DNA methylation studies present a promising avenue for improving our understanding of common diseases and alleviating part of their public health burden. A commonly used approach involves testing sites in genes of interest for association with disease status. These genes are typically selected based on a priori ideas about their possible role in pathogenic processes. Compared with assaying many sites simultaneously, such candidate gene methylation studies are appealing because of their low costs. They also have the advantage of being relatively straightforward in terms of lab technical and statistical procedures. However, in this commentary we argue that specific properties of methylation studies present a serious challenge for the interpretation of findings originating from the candidate gene approach.
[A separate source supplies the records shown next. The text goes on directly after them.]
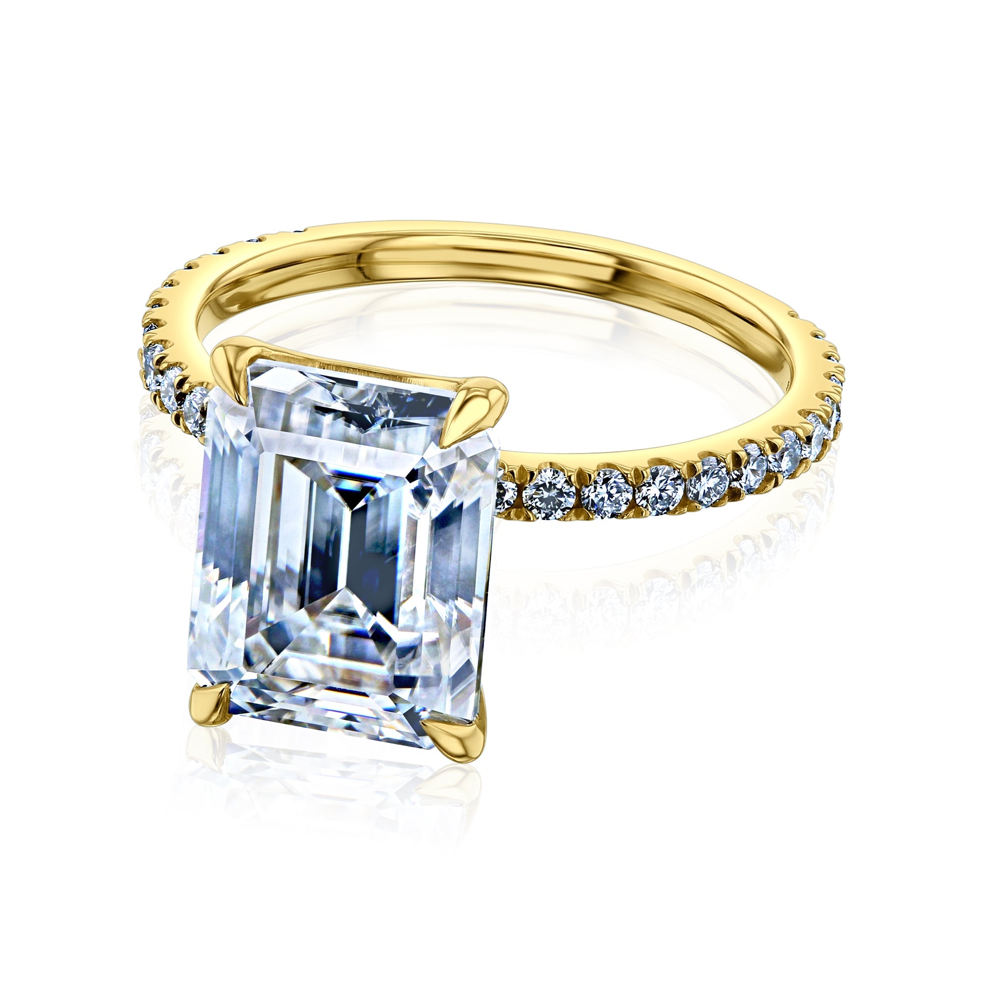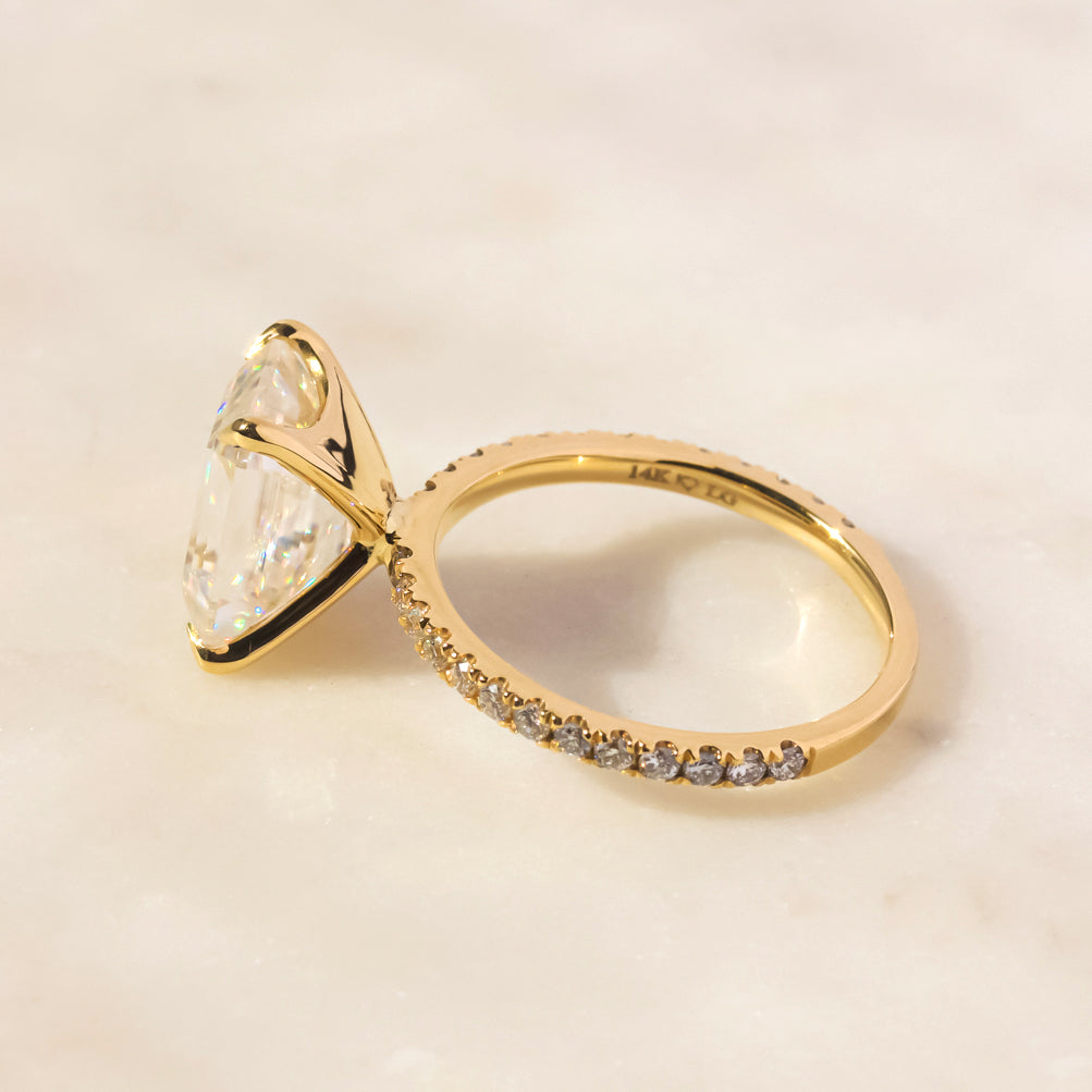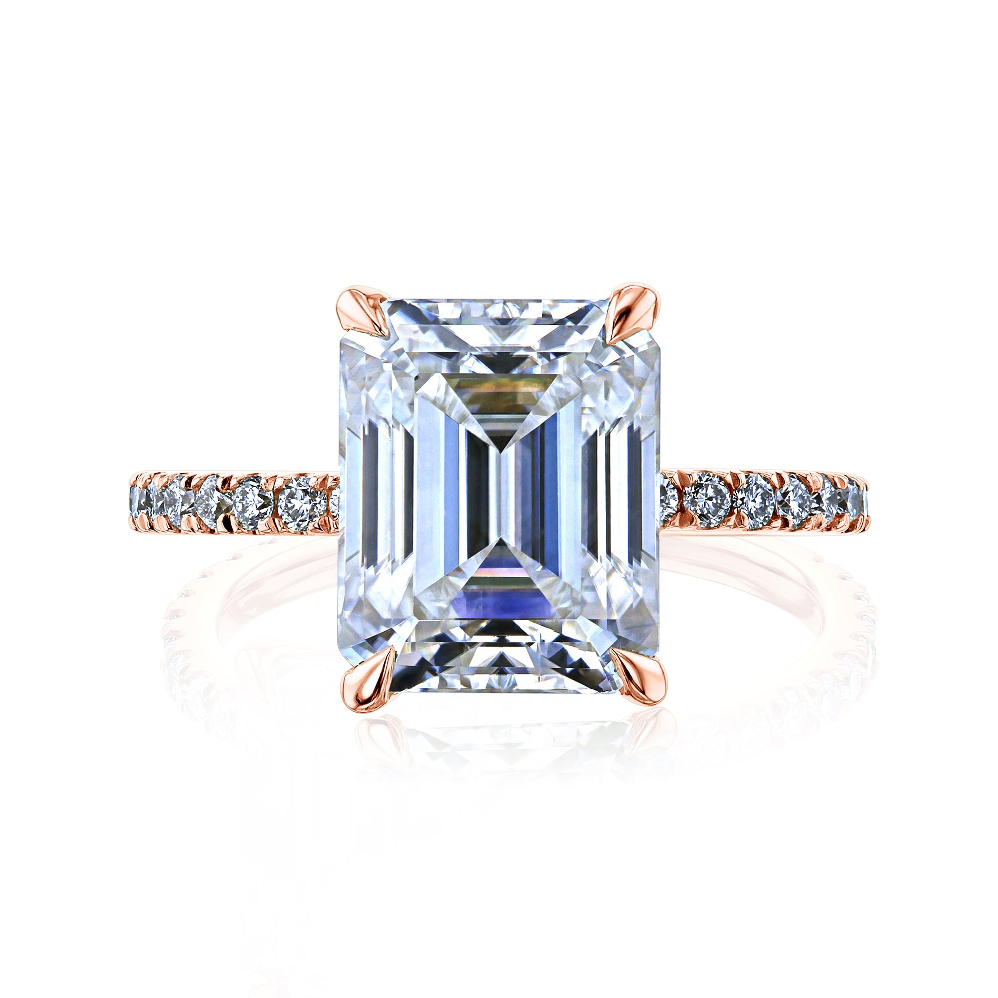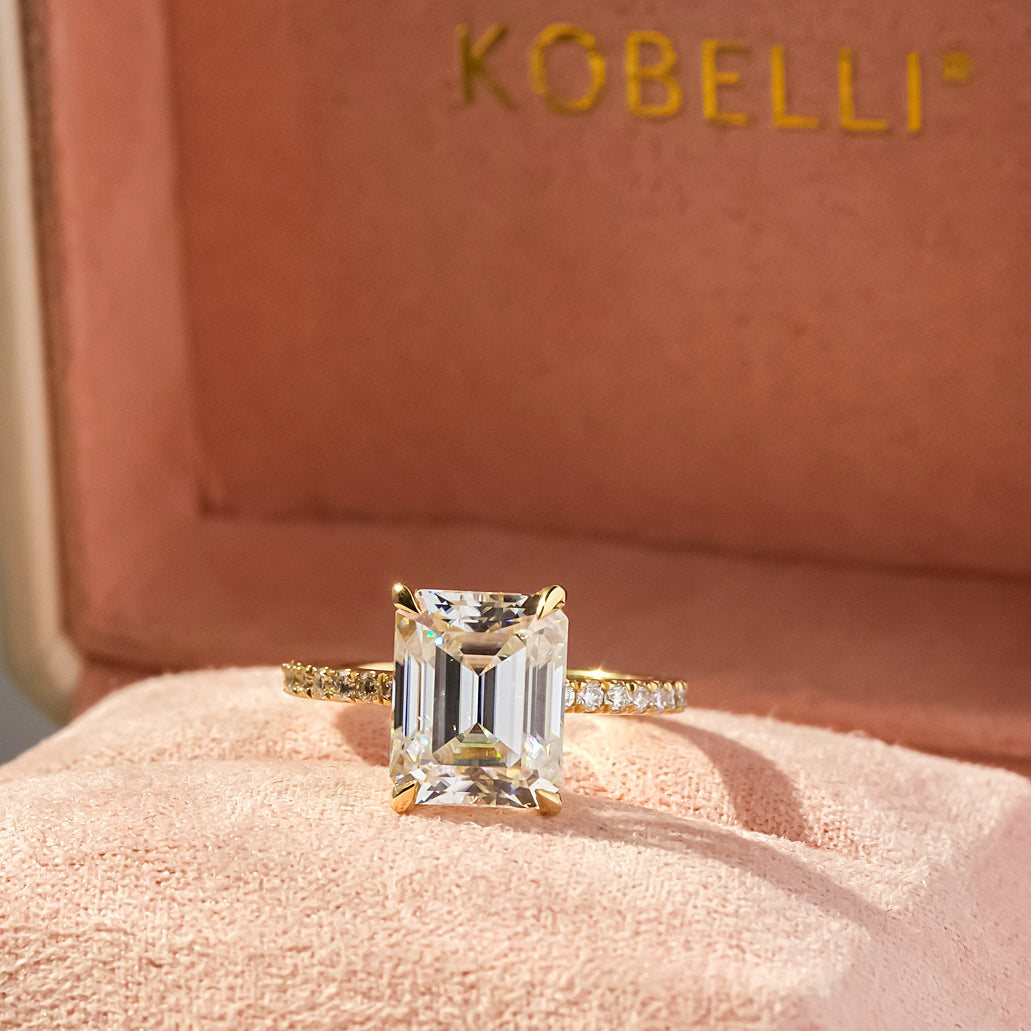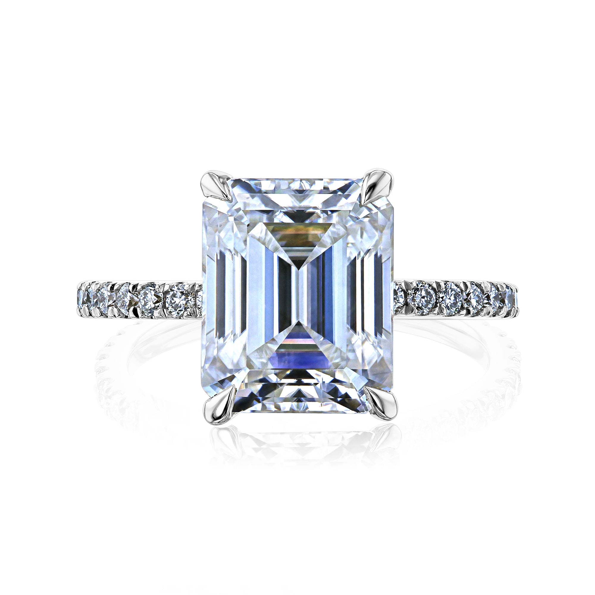 A large 10x8 mm emerald-cut moissanite is set in a clean and sleek butterfly silhouette setting sitting atop of a shimmering pavé of diamonds along the shank.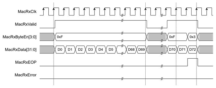 On the other hand, Figure 27 shows an example of receiving a packet. To start receiving a packet, MacRxValid is asserted to indicate valid data on MacRxData[31:0]. MacRxByteEn[3:0] is used to indicate which bytes within MacRxData[31:0] are valid, and MacRxEOP is asserted to indicate the end of a packet. If an error occurs during reception, MacRxError will be asserted to 1 at the end of the packet, and the receiving packet will be discarded. In this example, the reception of data (D0 to D72) happens when MacRxValid is asserted.
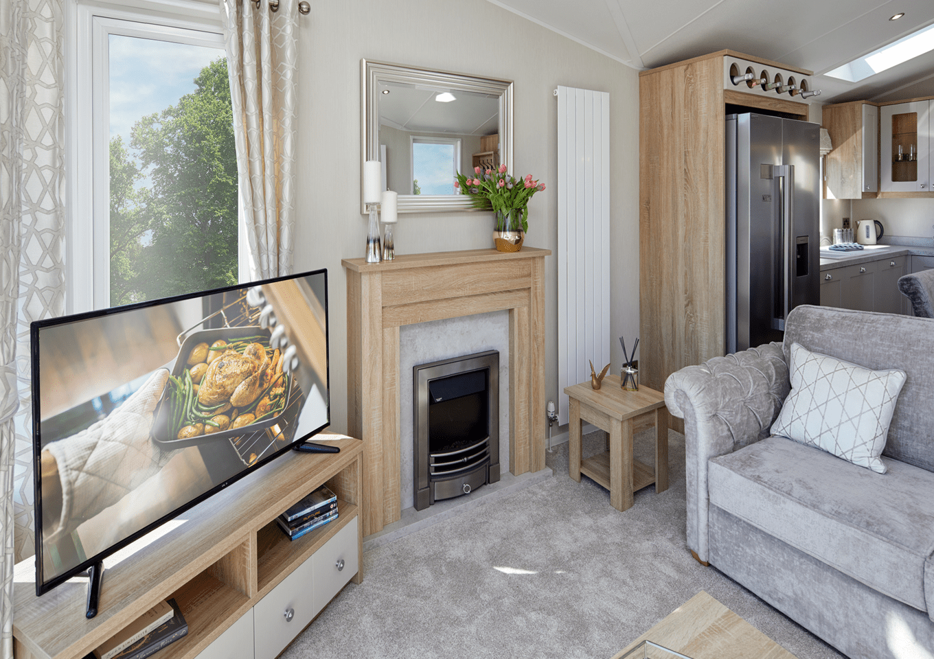 This particular model is beautifully positioned on a prime corner plot and comes complete with spacious decking, a private hot tub, and includes all site fees and rates for the 2025 season.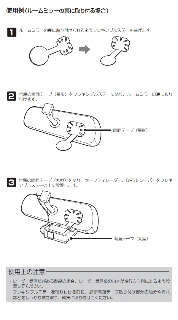 ・レーダー探知機などのアンテナをルームミラーの裏などに取り付けできます。
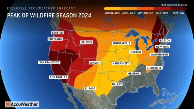 “If extended streaks of heat and dryness occur in May and June, the risk of wildfires can start earlier during the summer, increasing rapidly into the fall for more significant fires,” AccuWeather Long-Range Forecaster Paul Pastelok warned in the report. “The combination of 2023 and 2024 wet seasons will contribute to extensive growth of new fuels.”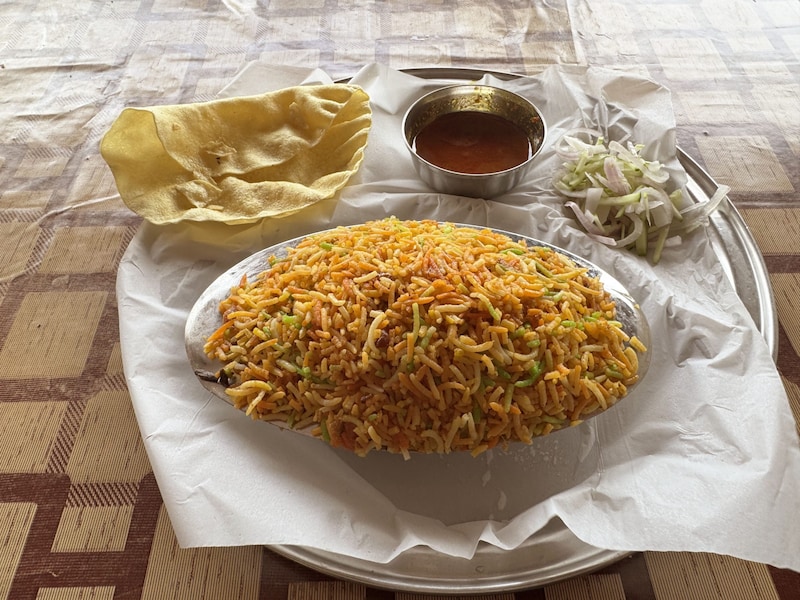 ……ということで、2025年某日、インドのポートブレアに出向いて、ビリヤニがおいしいと評判の大衆食堂に行ってみました。
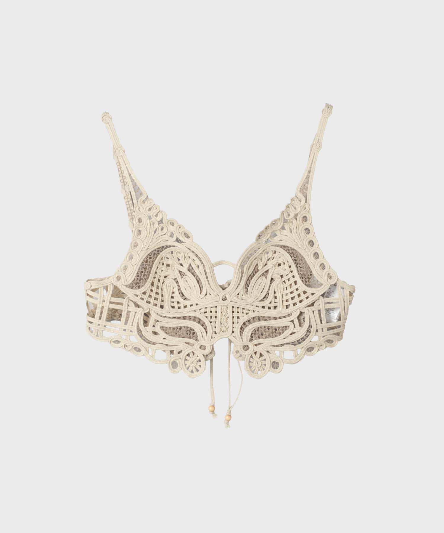 上品な透け感と清涼感が印象的なキャップスリーブニットトップス、アイコニックなコード刺繍のベスト、コード刺繍のパッチポケット付きのスウェット、淡い光が灯った岐阜の盆提灯を思わせるニットスカートとカーディガンなど春らしいアイテムがそろいます。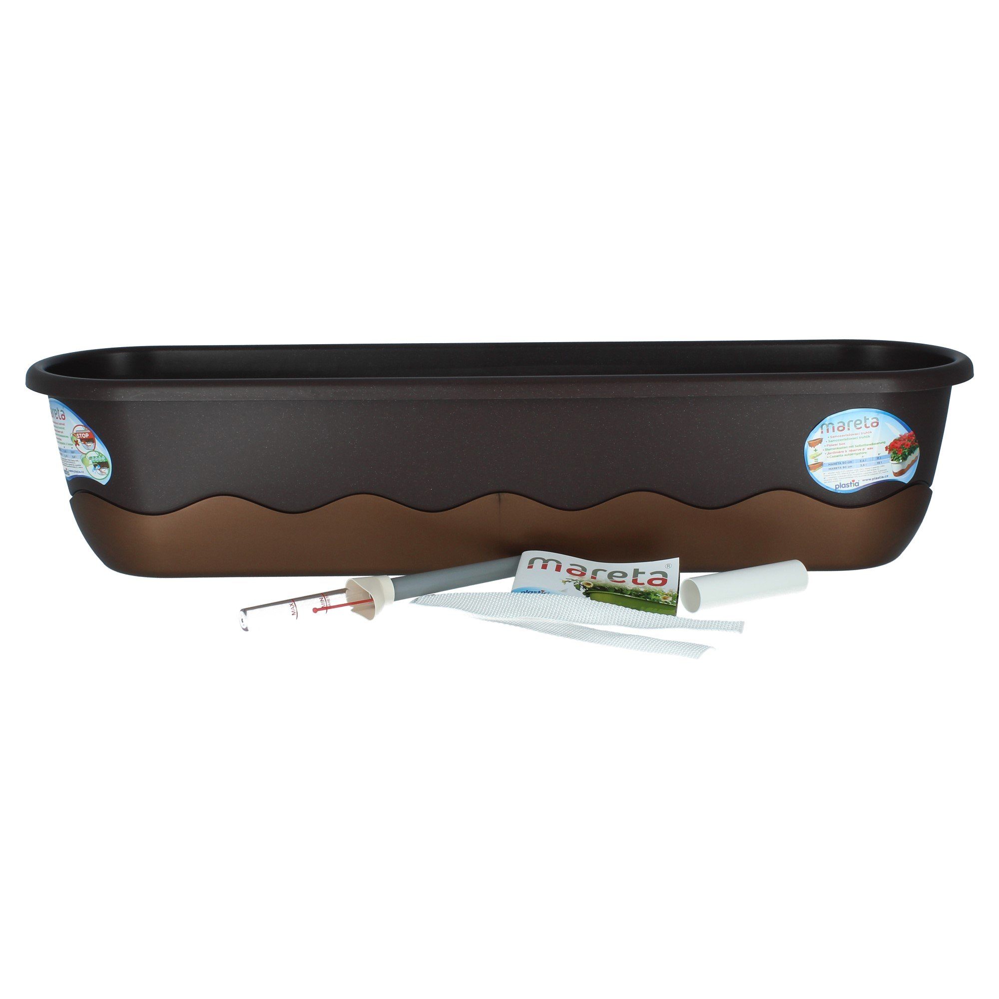 Der Plastia Mareta Blumenkasten wird mit Erdbewässerungssystem ausgeliefert. Die Aussparunge für die optional erhältlichen Balkonkastenhalter sind schon eingearbeitet. Die Kastenhalter werden von Plastia selbst nur als Zubehör angeboten. Diese sind bei diesem Produkt nicht dabei. Druch den robusten Kunststoff ist dieser Balkonkasten sehr stabil. Der Clou, durch das modulare System können Sie viele verschiedene Farbkombinationen zusammenstellen. Ober- und Unterteil des Kastens lassich sich frei miteinander kombinieren. Mit Überlauffunktion! Somit ist der Erfolg garantiert !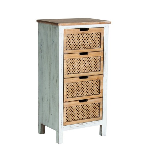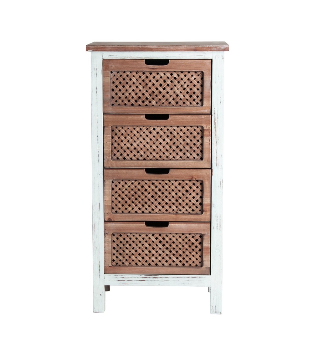 Le chiffonnier Zael, de style provençal, va apporter de la chaleur aux chambres à coucher. Fabriqué en bois de sapin et en , il alterne la couleur naturelle du bois des tiroirs avec une teinte blanche décapée pour le corps du meuble. C'est un meuble accueillant et pratique dans nimporte quelle chambre. Sa taille est de 48x35x94 cm.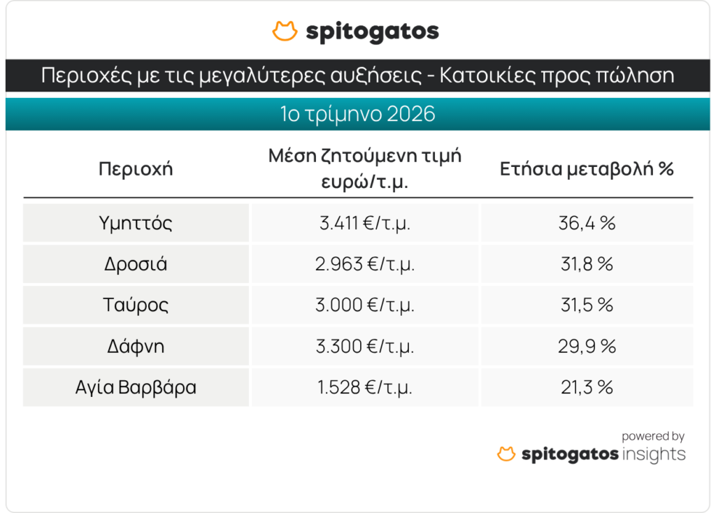 Οι περιοχές που ξεχώρισαν κατά το 1ο τρίμηνο του 2026 για τις σημαντικές αυξήσεις που σημείωσαν στη ΜΖΤ πώλησης κατοικίας σε σχέση με το αντίστοιχο τρίμηνο του 2025 είναι η περιοχή του Υμηττού, ενώ ακολουθούν η Δροσιά, ο Ταύρος, η Δάφνη και η Αγία Βαρβάρα.

Common variation among large subsets of methylation sites

Recently a number of investigations assayed large sets of methylation sites simultaneously. A striking finding emerging from these studies is that the methylation statuses of large subsets of sites covary with each other [ 1,2 ]. This common variation is not restricted to specific chromosomal locations but involve methylation sites across the entire genome. Principal component analysis (PCA) provides a good approach to quantify this phenomenon. PCA captures the common variation in methylation statuses among sites in a form of a set of uncorrelated components. The first principal component (PC) accounts for as much of the variation in the methylation data as possible, the second component captures as much of the remaining variance as possible in such a way that it is uncorrelated with the first component and so forth. Bell et al . performed PCA on methylation levels at 22,290 CpGs in lymphoblastoid cell lines from 77 individuals [1 ]. They found that the first PC explained 22% of the variation in methylation, and the first three PCs together explained 33%. This large amount of variation explained does not seem to be an artifact of the specific approach. Whereas Bell et al . [1 ] used an array, Aberg et al . [2 ] used a sequencing based approach to assay all 28 million common CpGs in the human genome in a sample of 1497 subjects. Their first PC explained 27% of the variation in methylation, and the first three PCs together explained 36%. These findings seem consistent with observations that global methylation levels may vary among subjects as a function of, for example, demographic variables, life style, nutrition or disease status [3,4 ]. Such global variations are only possible when individuals differ at many sites in a similar fashion.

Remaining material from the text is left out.